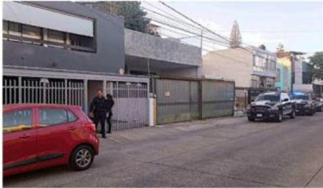
El atraco ocurrió en la Colonia Ladrón de Guevara.
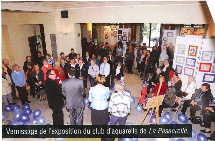
Vernissage de l'exposition du club d'aquarelle de La Passerelle.
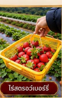
ไร่สตอร์วเบอร์รี่
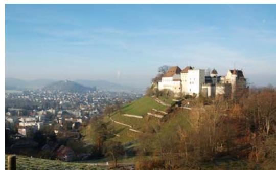
図3 Schloss Lenzburg
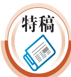
製表：香港文匯報記者 岑健樂
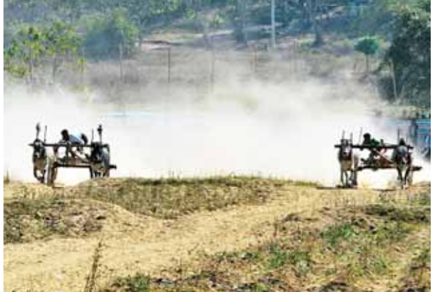
(လှိုင်သန်းတင့်-ရမည်းသင်း)

ကြောင်း သိရသည်။ အောက်မြန်မာပြည်တွင် မြင်းပြိုင်ပွဲ အထက်မြန်မာပြည်တွင် ယခုကဲ့သို့နွားဒုန်းပြိုင်ပွဲများကို ယခင်က အစဉ်အလာ ရှိခဲ့သည့် အတွက် အစဉ်အလာကို ထိန်းသိမ်းစောင့်ရှောက်သည့်အနေဖြင့် ယခုကဲ့သို့ စီစဉ်ဆောင်ရွက် ကျင်းပခြင်းဖြစ်ပြီး နောင်နှစ်များတွင်လည်း နွားဒုန်းပြိုင်ပွဲများအပြင် နွားကျောစီးပြိုင်ပွဲ၊ နွားအလှပြိုင်ပွဲများကိုလည်း ထည့်သွင်းကျင်းပနိုင်ရန် စီစဉ်ဆောင်ရွက်မည်ဖြစ်ကြောင်း နွားဒုန်းပြိုင်ပွဲကျင်းပရေးကော်မတီအဖွဲ့ဝင်တစ်ဦးက ပြောသည်။
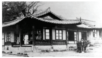
한국 최초의 여성전용 병원 보구녀관
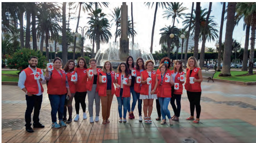
► Grupo de voluntarias con sus huchas.

B ajo el lema ‘Di sí a la infancia’, el día 5 de octubre los alumnos y alumnas del colegio Anselmo
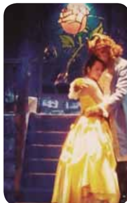
Nueva Era Teatro
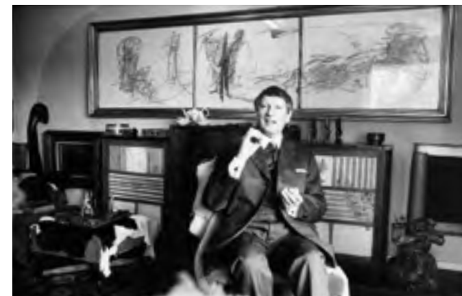
Gerhard Altenbourg im sogenannten „Atelier“ seines Künstlerhauses, 1986

Führung Weihnachten mit Gerhard Altenbourg Eintritt frei
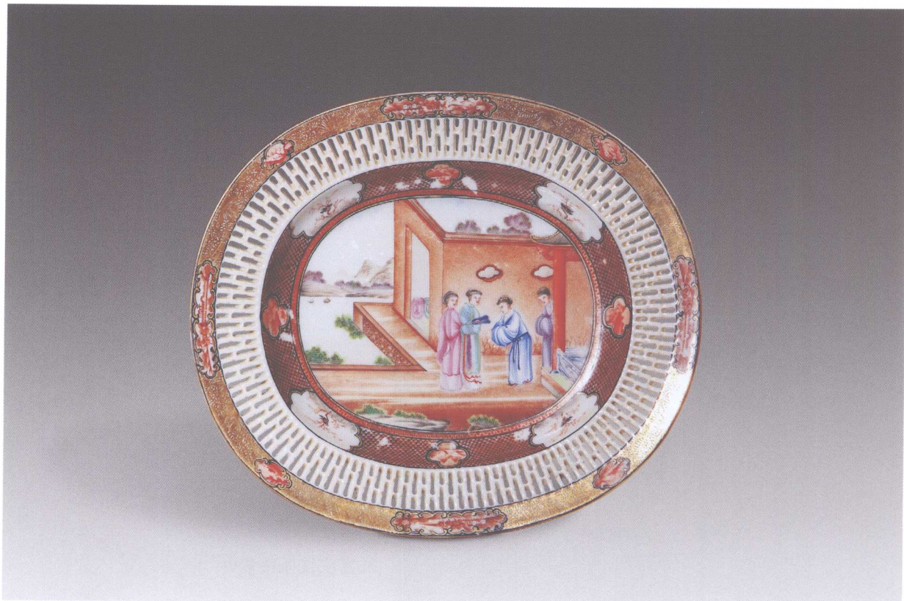
1. 乾隆广彩人物故事纹瓶
----
Exercise objective: The result is an exact copy of the lines from the one holding "(လှိုင်သန်းတင့်-ရမည်းသင်း)" through the final line of the data above, both ends included, minus the pictures.

Solution to this exercise:
(လှိုင်သန်းတင့်-ရမည်းသင်း)

ကြောင်း သိရသည်။ အောက်မြန်မာပြည်တွင် မြင်းပြိုင်ပွဲ အထက်မြန်မာပြည်တွင် ယခုကဲ့သို့နွားဒုန်းပြိုင်ပွဲများကို ယခင်က အစဉ်အလာ ရှိခဲ့သည့် အတွက် အစဉ်အလာကို ထိန်းသိမ်းစောင့်ရှောက်သည့်အနေဖြင့် ယခုကဲ့သို့ စီစဉ်ဆောင်ရွက် ကျင်းပခြင်းဖြစ်ပြီး နောင်နှစ်များတွင်လည်း နွားဒုန်းပြိုင်ပွဲများအပြင် နွားကျောစီးပြိုင်ပွဲ၊ နွားအလှပြိုင်ပွဲများကိုလည်း ထည့်သွင်းကျင်းပနိုင်ရန် စီစဉ်ဆောင်ရွက်မည်ဖြစ်ကြောင်း နွားဒုန်းပြိုင်ပွဲကျင်းပရေးကော်မတီအဖွဲ့ဝင်တစ်ဦးက ပြောသည်။
한국 최초의 여성전용 병원 보구녀관
► Grupo de voluntarias con sus huchas.

B ajo el lema ‘Di sí a la infancia’, el día 5 de octubre los alumnos y alumnas del colegio Anselmo
Nueva Era Teatro
Gerhard Altenbourg im sogenannten „Atelier“ seines Künstlerhauses, 1986

Führung Weihnachten mit Gerhard Altenbourg Eintritt frei
1. 乾隆广彩人物故事纹瓶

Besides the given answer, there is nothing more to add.